I'm not interested by a review of the algorithm which is not mine but about its implementation in Java: are the data types correctly used? does it follow Java best practices? is there anything that I can improve in the code?
/*
This is a partial reimplementation of the Python difflib.SequenceMatcher class:
https://github.com/python/cpython/blob/3.10/Lib/difflib.py
Only array of String are supported.
*/
import java.util.ArrayDeque;
import java.util.ArrayList;
import java.util.Collections;
import java.util.HashMap;
/*
SequenceMatcher class compares pairs of sequence of String (called A and B in the comments)
*/
public class SequenceMatcher {
/*
An opcode explains how to turn a part of the sequence A to B
For instance:
A = ["This", "is", "true"]
B = ["Wrong"]
The corresponding opcode is:
- Tag: REPLACE
- aBegin: 0
- aEnd: 2
- bBegin: 0
- bEnd: 0
*/
public static class Opcode {
/*
The Tag says what operation to do to turn A to B
*/
public enum Tag {
REPLACE,
DELETE,
INSERT,
EQUAL
}
// Operation to perform
public Tag tag;
// Index in A of the beginning of the sequence
public int aBegin;
// Index in A of the end of the sequence
public int aEnd;
// Index in B of the beginning of the sequence
public int bBegin;
// Index in B of the end of the sequence
public int bEnd;
// Construct a new Opcode
Opcode(Tag tag, int aBegin, int aEnd, int bBegin, int bEnd) {
this.tag = tag;
this.aBegin = aBegin;
this.aEnd = aEnd;
this.bBegin = bBegin;
this.bEnd = bEnd;
}
}
/*
A Block represents a pair of sequence in A and B
For instance, let's consider A and B as:
- A: ["This", "is", "the", "first", "sequence"]

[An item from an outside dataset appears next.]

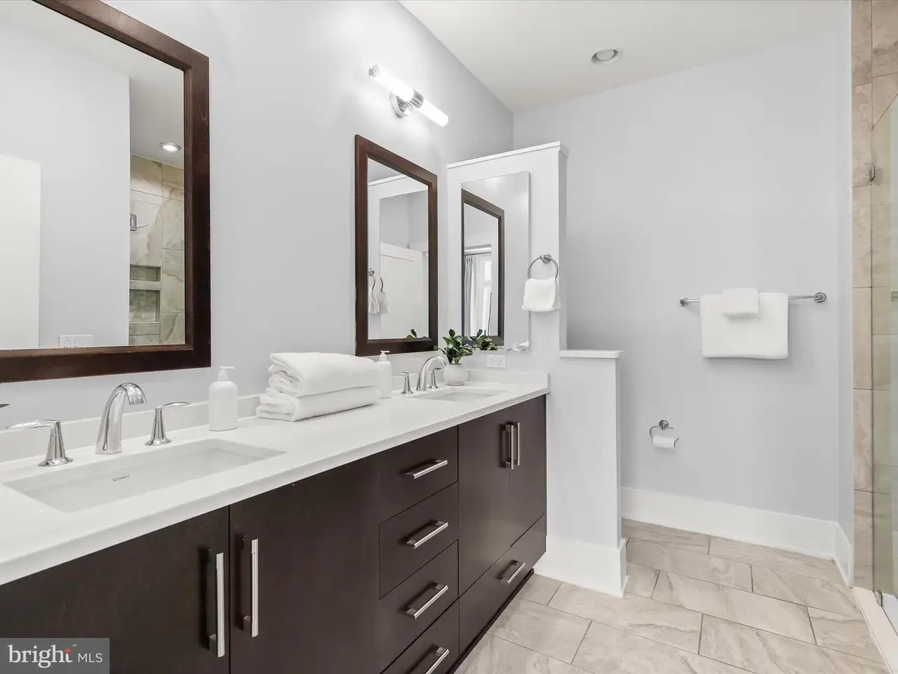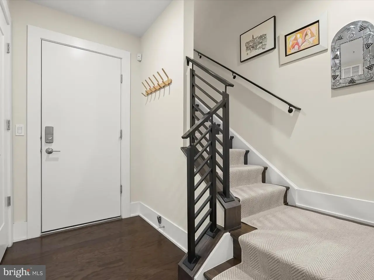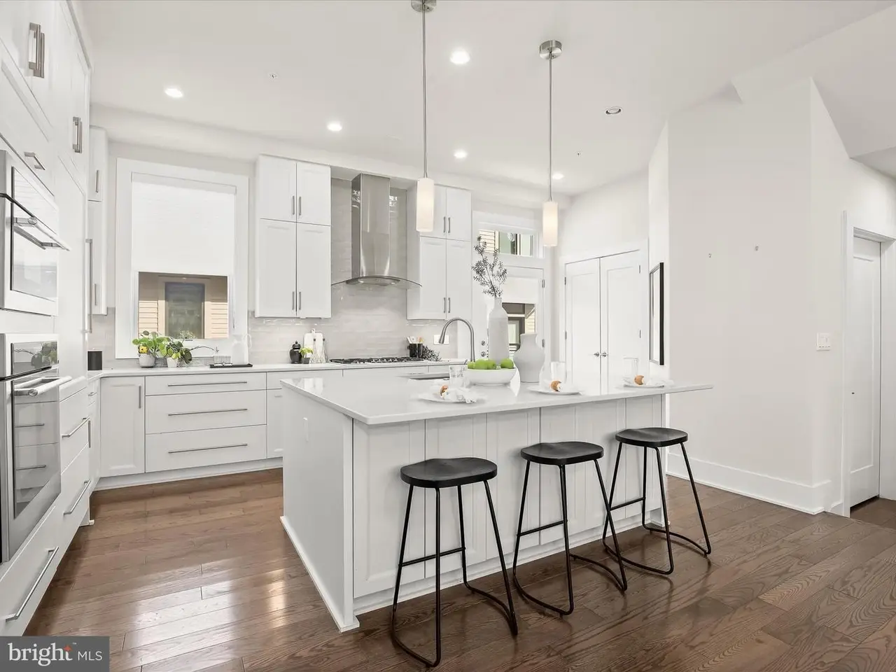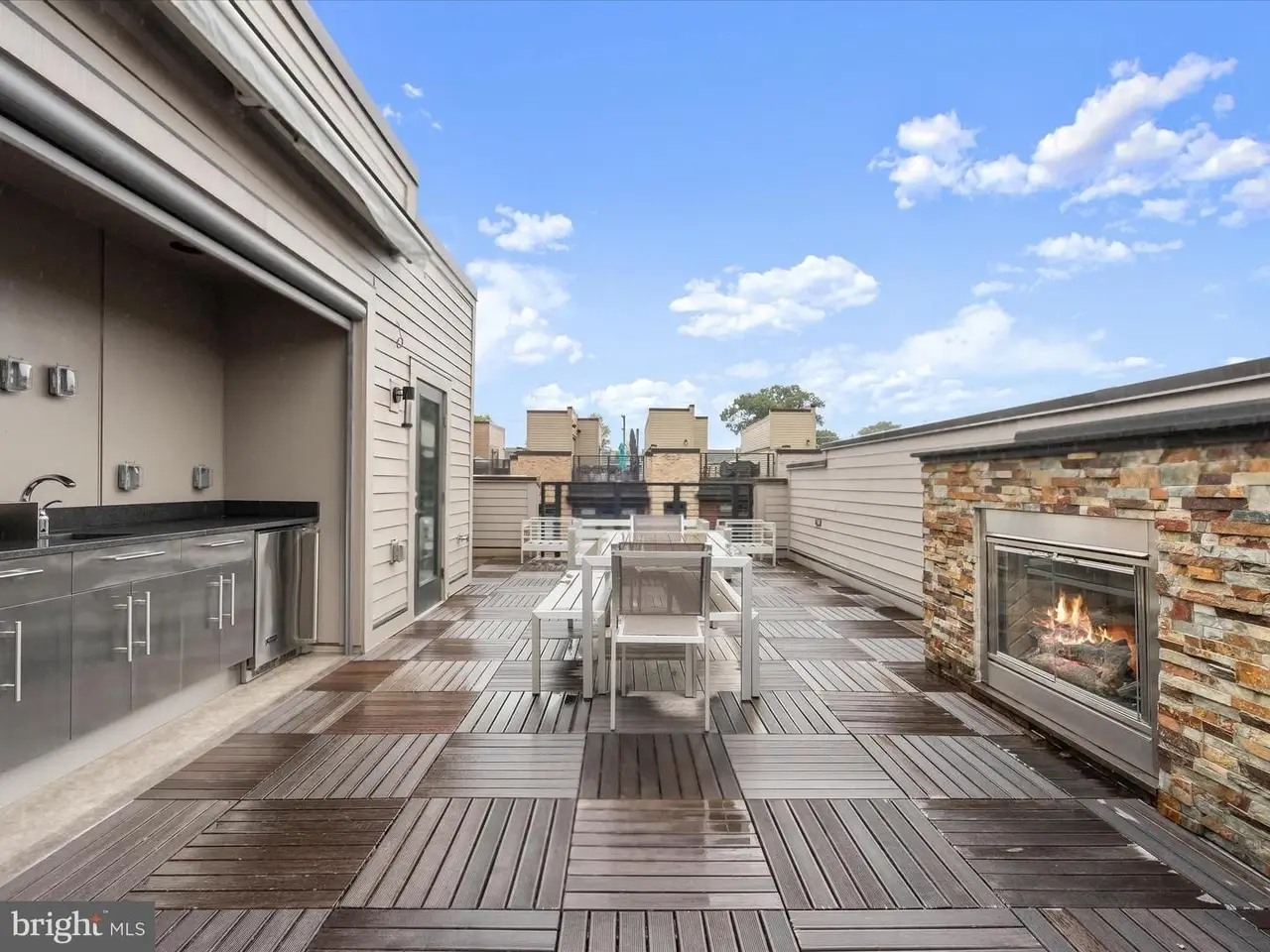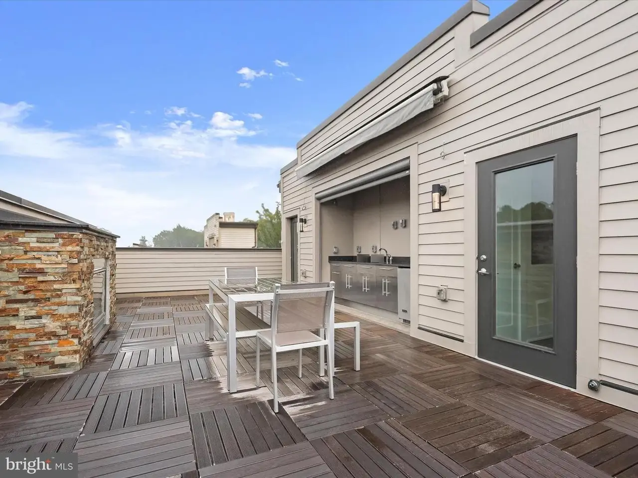 Introducing this exceptional four-level, elevator townhome in the sought-after Grosvenor Heights community in Bethesda, offering four bedrooms, three and a half bathrooms, and remarkable details at every turn. Built in 2019 by award-winning builder EYA, this home provides ultimate convenience with an elevator serving each level, including the rooftop terrace. Step inside the foyer where beautiful hardwood floors and a neutral color theme set the tone that continues throughout the home. The entry level includes a bedroom with a private ensuite bathroom featuring a walk-in shower, ideal for guests, those seeking a quiet retreat, or a home office. This level also provides access to the rear two-car garage. Upstairs, the open concept main level boasts tall ceilings and abundant natural light from oversized windows. The gourmet kitchen is a chef's dream, appointed with high-end appliances including a five-burner gas cooktop, range hood, built-in microwave and wall oven, as well as a hidden refrigerator and dishwasher. Quartz countertops, a tile backsplash, soft-close cabinetry with under-cabinet lighting and pull-out storage, and a center island with seating complete the space. Step onto the balcony off the kitchen for morning coffee or casual dining. The adjoining dining area is ideal for hosting gatherings, while the living room features a cozy gas fireplace and a discreet wet bar for coffee or cocktails. A half bathroom on this level adds convenience. Up one more flight, the bedroom level showcases the primary suite with two walk-in closets and sliding glass doors with custom motorized curtains. The luxurious ensuite bathroom offers a dual-sink vanity and oversized frameless shower with bench seating. Two additional bedrooms, a hall bathroom, and a laundry closet complete this level. The top level is entirely dedicated to the rooftop terrace, designed for both relaxation and entertaining. Highlights include a motorized retractable awning, wet bar tucked behind a garage-style door, gas fireplace, built-in grill, and views of the surroundings. Every detail reflects thoughtful craftsmanship, from custom closet built-ins to modern lighting and finishes throughout. Enjoy this convenient location minutes from the Grosvenor-Strathmore Metro Station, I-495, I-270 and other commuting roadways. Explore the local surroundings, with walking and biking trails, nearby Fleming Park, Wildwood Shopping Center, The Music Center at Strathmore, downtown Bethesda and more. Tucked among lush greenery, this serene setting offers an unparalleled lifestyle close to everything you need. Seller would consider a rent or rent-to-own option.

- B: ["This", "is", "another", "sequence"]
A Block can represent the following pair of sequence:
- A: ["the", "first"]
- B: ["another"]
with the following values:
- aBegin = 2
- aEnd = 3
- bBegin = 2
- bEnd = 2
*/
public static class Block {
// Index in A of the beginning of the sequence
public int aBegin;
// Index in A of the end of the sequence
public int aEnd;
// Index in B of the beginning of the sequence
public int bBegin;
// Index in B of the end of the sequence
public int bEnd;
// Construct a new Block
Block(int aBegin, int aEnd, int bBegin, int bEnd) {
this.aBegin = aBegin;
this.aEnd = aEnd;
this.bBegin = bBegin;
this.bEnd = bEnd;
}
}
/*
A Match represents two identical pair of sequence in A and B
For instance, let's consider A and B as:
- A: ["This", "is", "the", "first", "sequence"]
- B: ["This", "is", "another", "sequence"]

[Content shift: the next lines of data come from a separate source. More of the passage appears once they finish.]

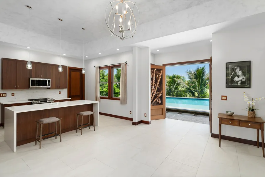 The open concept living area has an ocean view and high tray ceilings. The indoor kitchen has stainless steel appliances, custom cabinets, and a large quartz island. There is also a barbeque area on the back lanai. The master bedroom has a separate tub and shower room and his and hers sinks. There are 2 spare bedrooms. Ornate doors open up onto the fenced pool and koi pond (with fountain) from the living area. There is custom woodwork, brick work and rock work throughout the property.
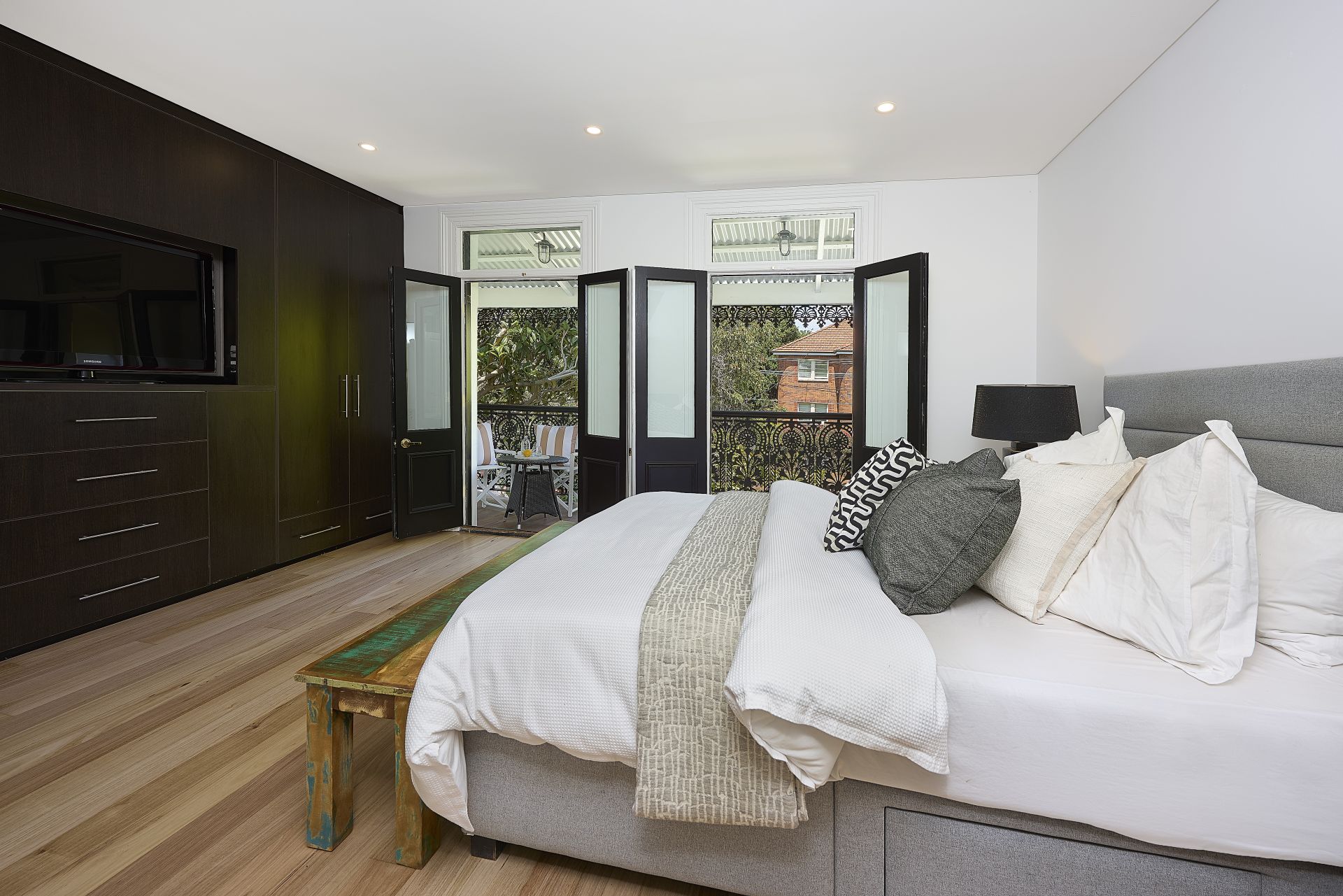 Three bedrooms, the main opening onto its restored lace balcony, and two with oversized built-in robes
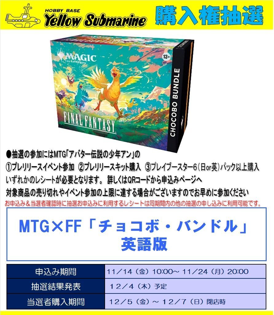 【#MTG 抽選】#新宿 #イエローサブマリン 12月5日発売 「チョコボバンドル」 「シーンボックス 各種」 申込期間:11/14(金)~11/24(月) 購入権の抽選を実施中です! 申込の際に条件や注意事項がございますので、ページをよくお読みの上ご応募ください! 応募用ポスターは入口すぐに掲示しています! pic.x.com/FXqmwqQF1m
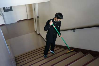 3年生が学年末テストで下校したため、3年生の掃除場所も在校生が自主的に掃除をしていました。3年生がいないフロアはさみしい感じがして、卒業が近いことを実感します。
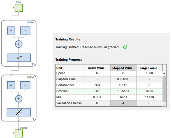 Initially, the data were imported from an Excel file where the training data were stored. The data were then divided into distinct subsets for training (70%), validation (15%), and testing (15%). A neural network was defined (Figure 3) and trained for a number of epochs until the change in error was very small. The performance of the trained network was then evaluated through metrics such as mean squared error and regression analysis. Finally, the results were analyzed using visualization techniques, including regression fit plots and error histograms.
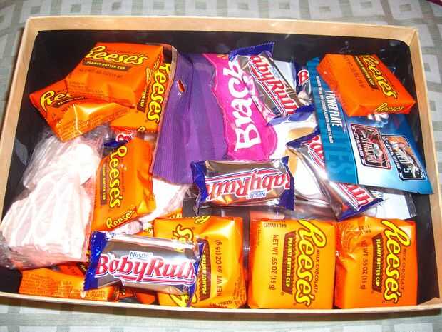 Entonces, llenaba hasta el borde con golosinas como corazón en forma de pasteles, de Reese, bebé Ruth bares y más dulces!
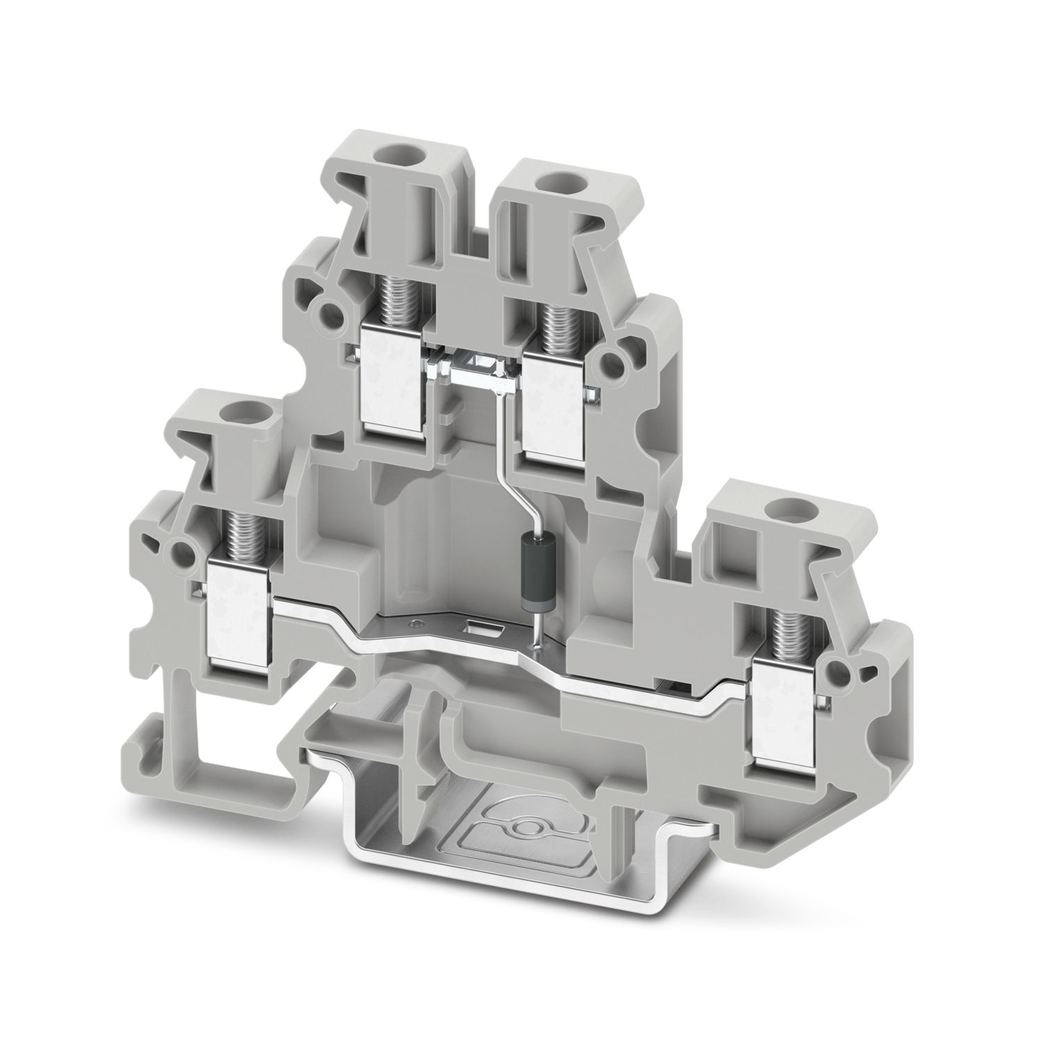 Клеммный блок, Максимальный ток определяется диодом. Встроено: диод BY133G, обратное напряжение: 1300 В, предельно допустимый продолжительный ток: 0,5 A., со встроенным диодом, номинальное напряжение: 500 В, номинальный ток: 0,5 A, тип подключения: Винтовые зажимы, Расчетное сечение: 2,5 мм2, cечение: 0,2 мм2 - 4 мм2, монтаж: NS 15, NS 35/7,5, NS 35/15, цвет: cерый

We have two matches that can be represented with the following values:
- Match 1:
- aBegin: 0
- bBegin: 0
- size: 2
- Match 2:
- aBegin: 4
- bBegin: 3
- size: 1
*/
public static class Match implements Comparable<Match> {
// Index in A of the beginning of the sequence
public int aBegin;
// Index in B of the beginning of the sequence
public int bBegin;
// Size of the match
public int size;
// Construct a new Match
Match(int aBegin, int bBegin, int size) {
this.aBegin = aBegin;
this.bBegin = bBegin;
this.size = size;
}
/*
Compare two Match instances
The comparison is done in the following order: aBegin, bBegin, size
Returns a negative number if the Match is lower, 0 if both are equals and a positive
number if the Match is higher
*/
public int compareTo(Match other) {
int diff = Integer.compare(this.aBegin, other.aBegin);
if(diff == 0) {
diff = Integer.compare(this.bBegin, other.bBegin);
if(diff == 0) {
diff = Integer.compare(this.size, other.size);
}
}
return diff;
}
}
// Sequence of String A
private ArrayList<String> a;
// Sequence of String B
private ArrayList<String> b;
/*
b2j represents the indices of the elements of B
The key corresponds to a String in B.
The value corresponds to the list of the indices in B.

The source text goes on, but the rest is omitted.